Core Function Calling

Category Qwen3-1.7B-FC (Our) Base 1.7B Qwen3-8B Qwen3-14B
simple 81.0% 61.5% 69.2% 65.5%
multiple 79.0% 55.5% 66.0% 57.0%
parallel 78.0% 68.0% 78.0% 77.0%
parallel_multiple 64.5% 51.5% 66.5% 66.5%
irrelevance 81.2% 86.2% 85.4% 90.4%

Executable Python

Category Qwen3-1.7B-FC (Our) Base 1.7B 8B 14B
exec_simple 84.0% 82.0% 84.0% 87.0%
exec_multiple 70.0% 70.0% 78.0% 78.0%
exec_parallel 80.0% 76.0% 86.0% 90.0%
exec_parallel_multiple 60.0% 60.0% 67.5% 65.0%

Live API Categories

Category Qwen3-1.7B-FC (Our) Base 1.7B Qwen3-8B Qwen3-14B
live_simple 63.6% 43.8% 51.2% 51.6%
live_multiple 55.0% 36.8% 43.7% 42.5%
live_parallel 50.0% 18.8% 43.8% 43.8%
live_parallel_multiple 66.7% 37.5% 54.2% 50.0%
live_irrelevance 66.1% 80.3% 78.7% 79.9%

📚 Training Data

Data Sources

Source Samples Type Description
xLAM ~60,000 Positive High-quality function calling examples from Salesforce
ToolACE ~11,000 Positive Diverse multi-turn tool usage scenarios
Toucan-1.5M 40,000 Negative Irrelevant queries (Server Shuffle method)
Synthetic Negatives 6,000 Negative Domain mismatch, partial fulfillment, permission errors

Negative Sample Types

The model is trained to refuse appropriately using diverse negative samples:

Type Description Example
Toucan Irrelevant Query has no matching tool in available functions "What's the weather?" when only get_stock_price is available
Domain Mismatch Tools from wrong domain Asking about finance when only cooking tools available
Action Mismatch Similar name but wrong action Asking to "delete" when only "get" function exists
Partial Fulfillment Tools can't fully solve query Need 2 steps but only 1 tool available
Permission/Auth Missing required permissions Admin action without credentials
Format Mismatch Wrong data format requirements Tool expects JSON but query provides CSV

🔧 Training Methodology

Two-Stage RLVR Fine-tuning

  1. Stage 1: Accuracy-focused training (V3)

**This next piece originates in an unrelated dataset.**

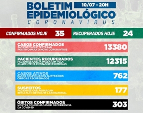 Mais 35 casos de covid-19 foram confirmados neste sábado em Campo Mourão. Número abaixo da média dos últimos dias, mas desta vez houve menos recuperados (24). Assim, os mourãoenses com o vírus ativo subiram um pouco (762). Não houve mortes. Na ala covid dos hospitais há 53 internações. Taxa de ocupação: 84% na enfermaria, 125% na UTI SUS e 30% na UTI convênios.

    • Trained from Qwen3-1.7B base
    • Dataset: ~40K samples (stage2.parquet)
    • Reward: Correctness (1.0) + Format (0.1) + Efficiency (0.3) + Refusal (0.3)
    • Config: max_steps=5000, LR=5e-7, temp=1.2
    • Best checkpoint: step 100 (early stopping, highest accuracy)
  2. Stage 2: Efficiency optimization (V4)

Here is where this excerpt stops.